我有一个电子表格,上面有几个关键字和位置。我希望根据电子表格中已有的这些关键字和位置从 yelp 列表中提取数据。

I have created the following code, but it seems to get absurd data and not the exact information I am looking for.

我创建了以下代码,但它似乎得到了荒谬的数据,而不是我正在寻找的确切信息。

I want to get business name, address and phone number, but all I am getting is nothing. If anyone here could help me solve this problem.

我想得到公司名称、地址和电话号码,但我得到的只是一无所有。如果这里有人可以帮我解决这个问题。

Sub find()

Dim ie As Object
    Set ie = CreateObject("InternetExplorer.Application")
    With ie
        ie.Visible = False
        ie.Navigate "http://www.yelp.com/search?find_desc=boutique&find_loc=New+York%2C+NY&ns=1&ls=3387133dfc25cc99#start=10"
        ' Don't show window
    ie.Visible = False

    'Wait until IE is done loading page
    Do While ie.Busy
        Application.StatusBar = "Downloading information, lease wait..."
        DoEvents
    Loop

    ' Make a string from IE content
    Set mDoc = ie.Document
    peopleData = mDoc.body.innerText
    ActiveSheet.Cells(1, 1).Value = peopleData
End With

peopleData = "" 'Nothing
Set mDoc = Nothing
End Sub

回答by David Zemens

If you right click in IE, and do View Source, it is apparent that the data served on the site is not part of the document's .Body.innerTextproperty.
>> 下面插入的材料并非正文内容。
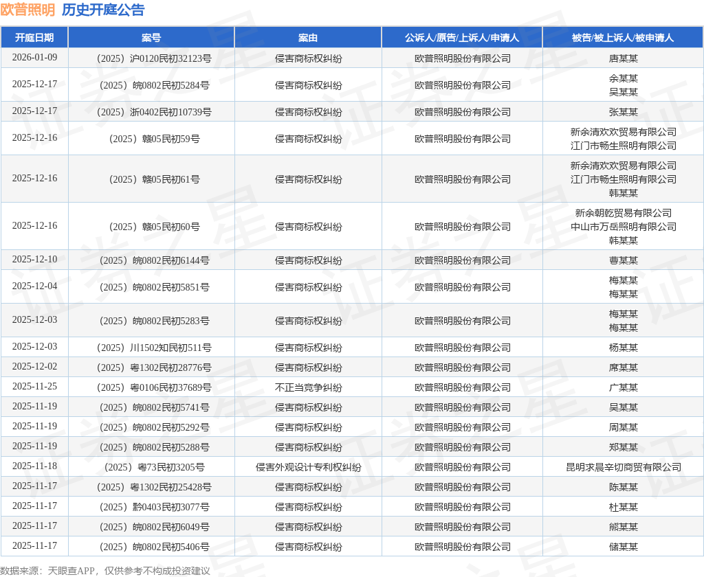 案号:(2025)赣0502知民初289号根据统计,近一年内以欧普照明股份有限公司为当事人的历史开庭公告有582则,其中案由为“侵害商标权纠纷”的公告以494则居首,其次为“侵害商标权”有25则,“商标权权属、侵权纠纷”有21则。历史开庭公告(前20条)如下:
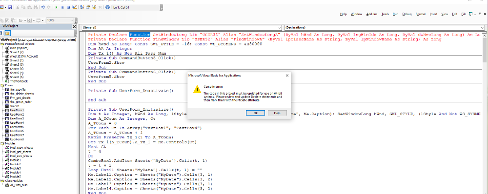السلام عليكم ما هو الخطأ في هذا الكود علما بان هذا الكود يشتغل على اوفس 2010 و عند نقل الملف على اوفس 2013 يظهر هذا الخطأ Private Declare Function SetWindowLong Lib "USER32" Alias "SetWindowLongA" (ByVal hWnd As Long, ByVal lngWinIdx As Long, ByVal dwNewLong As Long) As Long Private Declare Function FindWindow Lib "USER32" Alias "FindWindowA" (ByVal lpClassName As String, ByVal lpWindowName As String) As Long Dim hWnd As Long: Const GWL_STYLE = -16: Const WS_SYSMENU = &H80000 Dim AA As Integer Dim Tx_1() As New Ali_Pass_Num Private Sub CommandButton5_Click() UserForm2.Show End Sub Private Sub CommandButton6_Click() UserForm5.Show End Sub Private Sub UserForm_Deactivate() End Sub Private Sub UserForm_Initialize() Dim t As Integer, hWnd As Long, lStyle As Long: hWnd = FindWindow("ThunderDFrame", Me.Caption): SetWindowLong hWnd, GWL_STYLE, (lStyle And Not WS_SYSMENU) Dim A_TCoun As Integer, Ct A_TCoun = 0 For Each Ct In Array("TextBox1", "TextBox4") A_TCoun = A_TCoun + 1 ReDim Preserve Tx_1(1 To A_TCoun) Set Tx_1(A_TCoun).A_Tx_1 = Me.Controls(Ct) Next Ct t = 4 Do ComboBox1.AddItem Sheets("MyDate").Cells(t, 1) t = t + 1 Loop Until Sheets("MyDate").Cells(t, 1) = "" Me.Label1.Caption = Sheets("MyDate").Cells(3, 1) Me.Label2.Caption = Sheets("MyDate").Cells(3, 2) Me.Label3.Caption = Sheets("MyDate").Cells(3, 1) Me.Label4.Caption = Sheets("MyDate").Cells(3, 2) End Sub Private Sub ComboBox1_Change() TextBox1 = "" B_A False, False For i = 4 To Sheets("MyDate").Range("A1000").End(xlUp).Row If ComboBox1 = Sheets("MyDate").Cells(i, 1) Then TextBox2 = Sheets("MyDate").Cells(i, 1).Offset(0, 3) Exit For End If Next If TextBox2 = "مشاهدة وتعديل" Then B_A True, False End Sub Private Sub B_A(ByVal V_a As Boolean, ByVal E As Boolean) If ComboBox1 = "الدعم الفني" Then CommandButton5.Visible = V_a: CommandButton5.Enabled = E: CommandButton6.Visible = V_a CommandButton6.Enabled = E: CommandButton4.Visible = V_a: CommandButton4.Enabled = E Else CommandButton5.Visible = 0: CommandButton5.Enabled = 0 CommandButton4.Visible = 0: CommandButton4.Enabled = 0 CommandButton6.Visible = 0: CommandButton6.Enabled = 0 End If CommandButton3.Visible = V_a TextBox3.Visible = V_a TextBox4.Visible = V_a TextBox3.Enabled = E TextBox4.Enabled = E Label3.Visible = V_a Label4.Visible = V_a CommandButton3.Enabled = E End Sub Private Sub CommandButton1_Click() Dim i As Integer, MyRow As Integer, ii As Integer, Abu_Ahmed As Boolean Dim Sh_A As Worksheet On Error Resume Next Application.ScreenUpdating = False For i = 4 To Sheets("MyDate").Range("A1000").End(xlUp).Row If ComboBox1 = Sheets("MyDate").Cells(i, 1) And Val(TextBox1) = Sheets("MyDate").Cells(i, 2) Then MyRow = Sheets("MyDate").Cells(i, 2).Row Abu_Ahmed = True GoTo 1 Exit For End If Next ' ======== 1: If Abu_Ahmed = True Then Application.Visible = True Sheets("Mydate").DisplayHeadings = False Sheets("My Account").Cells(19, 5) = ComboBox1 & " " & Format(Now(), "yyyy/mm/dd hh:mm") Sheets("MyDate").Cells(Sheets("MyDate").[C50000].End(xlUp).Row + 1, 3) = ComboBox1 & " " & Format(Now(), "yyyy/mm/dd hh:mm") For ii = 5 To Sheets("MyDate").Range("IT3").End(xlToLeft).Column If Sheets("MyDate").Cells(MyRow, ii) = "مشاهدة وتعديل" Then Sheets(Sheets("MyDate").Cells(3, ii).Text).Visible = -1 End If If Sheets("MyDate").Cells(MyRow, ii) = "مشاهدة فقط" Then Sheets(Sheets("MyDate").Cells(3, ii).Text).Visible = -1 Sheets(Sheets("MyDate").Cells(3, ii).Text).Unprotect (Sheets("mydate").Range("b4")) Sheets(Sheets("MyDate").Cells(3, ii).Text).Cells.Locked = True Sheets(Sheets("MyDate").Cells(3, ii).Text).Protect (Sheets("mydate").Range("b4")) End If '------------------------------------------------------------------------------------- If Sheets("MyDate").Cells(MyRow, ii) = "مخفي" Then Sheets(Sheets("MyDate").Cells(3, ii).Text).Visible = xlSheetVeryHidden End If '----------------------------------------------------------------------------------- If Sheets("MyDate").Cells(MyRow, ii) = "مدخل بيانات" Then Sheets(Sheets("MyDate").Cells(3, ii).Text).Visible = -1 Sheets(Sheets("MyDate").Cells(3, ii).Text).Unprotect (Sheets("mydate").Range("b4")) Sheets(Sheets("MyDate").Cells(3, ii).Text).Cells.Locked = True For i = 1 To Sheets(Sheets("MyDate").Cells(3, ii).Text).Cells(1, Columns.Count).End(xlToLeft).Column If Sheets(Sheets("MyDate").Cells(3, ii).Text).Cells(1, i).Value = "T" Then Sheets(Sheets("MyDate").Cells(3, ii).Text).Cells(1, i).EntireColumn.Locked = False End If Next Sheets(Sheets("MyDate").Cells(3, ii).Text).Protect (Sheets("mydate").Range("b4")) End If '------------------------------------------------------------------------------------ Next MsgBox "تفضل بالدخول", vbOKOnly, "تنبيه" Me.Hide With Sheets("My Account") .Activate .[IV1] = "" .[IV1] = Me.ComboBox1 '---------------------------------------------------------------------------- .[IU1] = Sheets("mydate").Range("b4") 'لتخزين كلمه سر الادمن فى هذة الخليه '---------------------------------------------------------------------------- End With Else MsgBox IIf(AA >= 2, "خروج", "دخول خاطئ حاول مرة أخرى "), vbOKOnly + 524288 + 1048576, "تنبيه" ComboBox1 = "": TextBox1 = "" AA = AA + 1 If AA > 2 Then Unload Me Exit Sub End If ActiveWorkbook.Protect (Sheets("mydate").Range("b4")) 'لحمايه المستند بنفس كلمه سر الادمن Application.ScreenUpdating = True End Sub Private Sub CommandButton2_Click() Unload Me End Sub Private Sub CommandButton3_Click() If TextBox3 = "" Or TextBox4 = "" Then MsgBox "الرجاء إكمال الحقول الناقصة", vbOKOnly, "تنبيه": TextBox3.SetFocus: Exit Sub lr = Sheets("MyDate").Range("A1000").End(xlUp).Row Sheets("MyDate").Cells(lr + 1, 1) = TextBox3 Sheets("MyDate").Cells(lr + 1, 2) = Val(TextBox4) With UserForm2 .CommandButton3.Caption = "حفظ جديد" .Label2.Visible

I notice this is often the case with dynamically served data, and that approach is really too simple for most web-scraping.

如果您在 IE 中右键单击并执行View Source,很明显站点上提供的数据不是文档.Body.innerText属性的一部分。我注意到动态提供的数据经常出现这种情况,而且这种方法对于大多数网络抓取来说真的太简单了。

I open it in Google Chrome and inspect the elements to get an idea of what I'm really looking for, and how to find it using a DOM/HTML parser; you will need to add a reference to Microsoft HTML Object Library.

我在谷歌浏览器中打开它并检查元素以了解我真正在寻找什么,以及如何使用 DOM/HTML 解析器找到它;您需要添加对 Microsoft HTML 对象库的引用。

enter image description here

在此处输入图片说明

I think you can get it to return a collection of the <DIV>tags, and then check those for the classname with an Ifstatment inside the loop.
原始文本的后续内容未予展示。